> _What you will do_: Look in the listing below for the line that has "Wholegrain sliced freshly", then return it and each following line up to and including the one with "(코로나 가정학습) |", exactly and without pictures.

> _Data records_:
__________
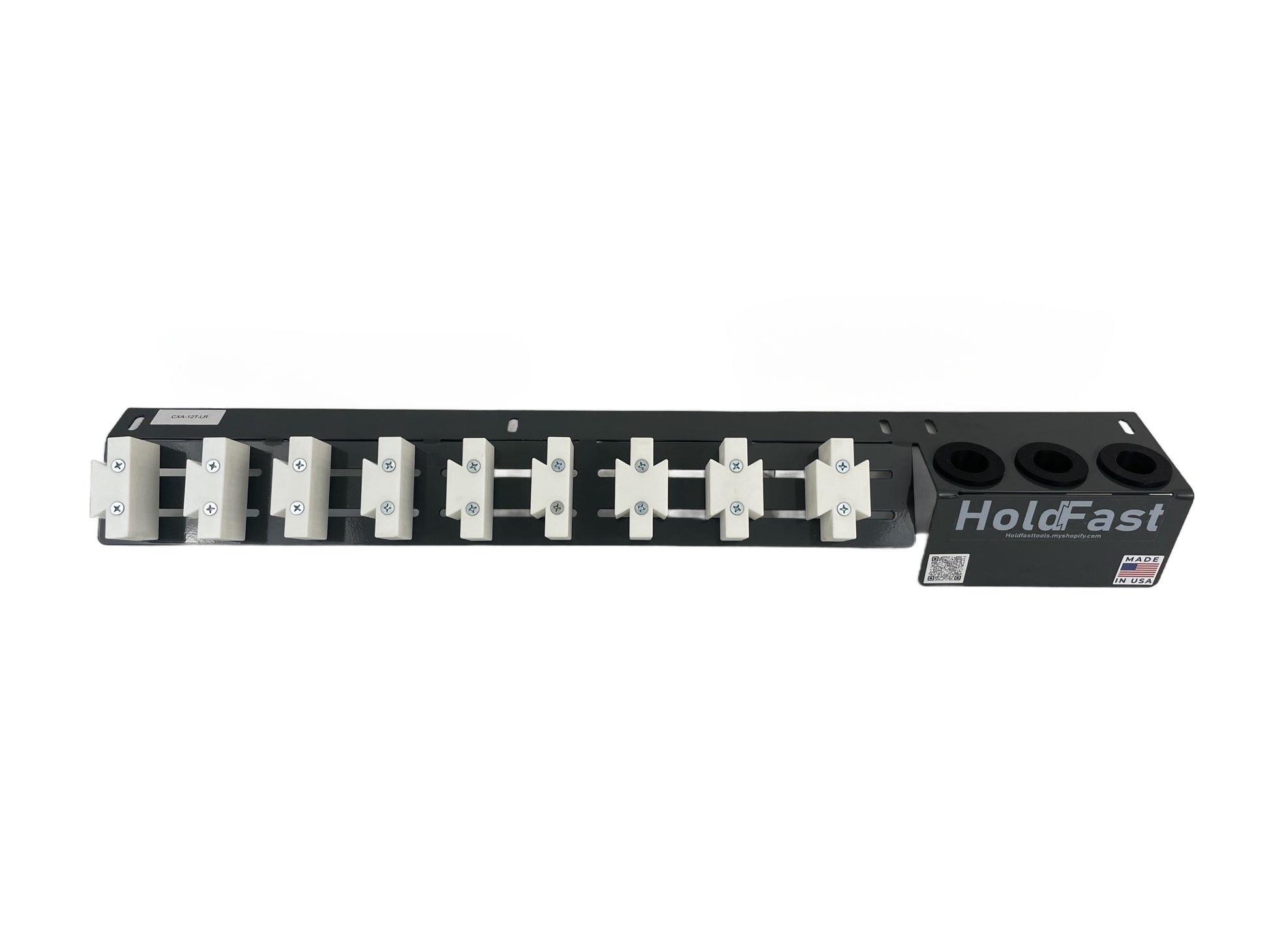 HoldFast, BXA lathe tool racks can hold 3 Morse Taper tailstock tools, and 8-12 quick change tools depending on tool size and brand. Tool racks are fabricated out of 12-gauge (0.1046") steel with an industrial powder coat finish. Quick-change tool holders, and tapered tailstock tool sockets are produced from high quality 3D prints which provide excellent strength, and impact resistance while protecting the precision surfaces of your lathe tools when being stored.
__________
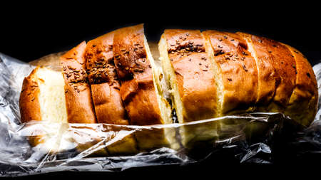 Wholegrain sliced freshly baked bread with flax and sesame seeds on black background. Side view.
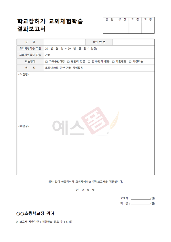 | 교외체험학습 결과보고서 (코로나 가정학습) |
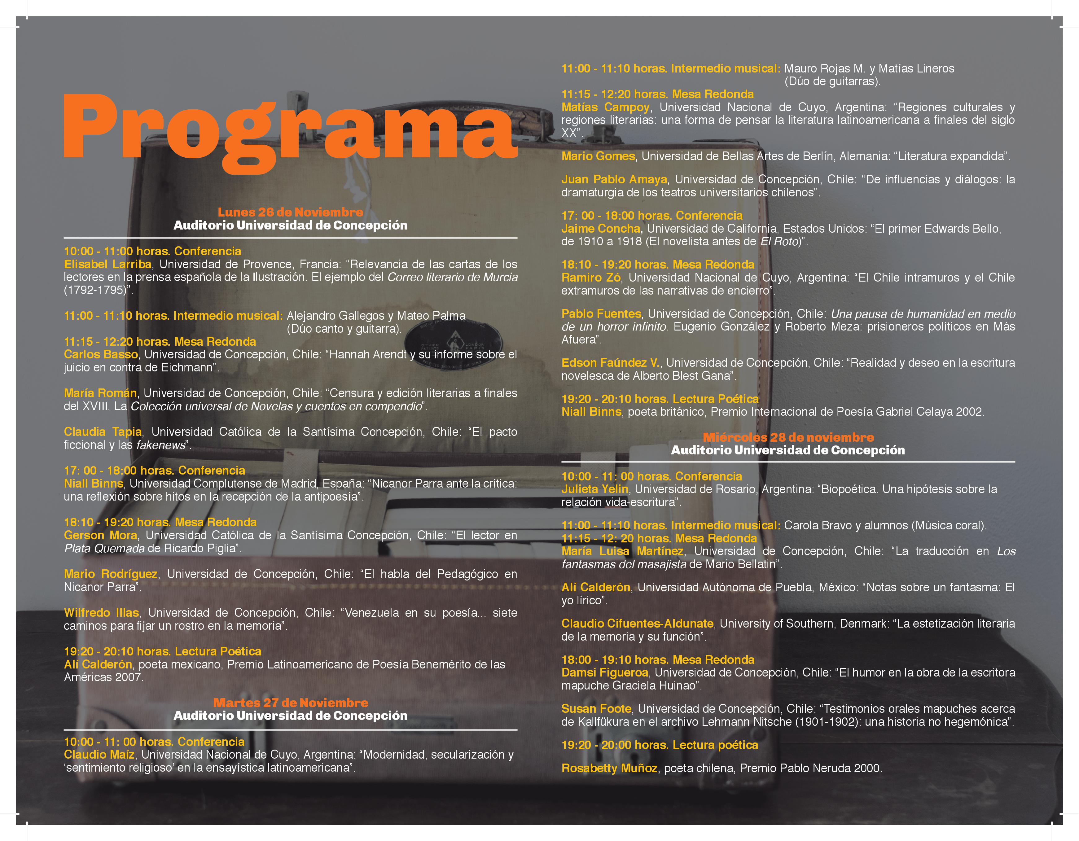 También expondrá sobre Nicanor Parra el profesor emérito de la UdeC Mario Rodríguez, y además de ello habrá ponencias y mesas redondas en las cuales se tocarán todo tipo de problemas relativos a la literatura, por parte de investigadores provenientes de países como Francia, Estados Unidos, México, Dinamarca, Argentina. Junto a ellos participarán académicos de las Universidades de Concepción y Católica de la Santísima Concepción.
__________
> _Solution to the exercise_:
 Wholegrain sliced freshly baked bread with flax and sesame seeds on black background. Side view.
 | 교외체험학습 결과보고서 (코로나 가정학습) |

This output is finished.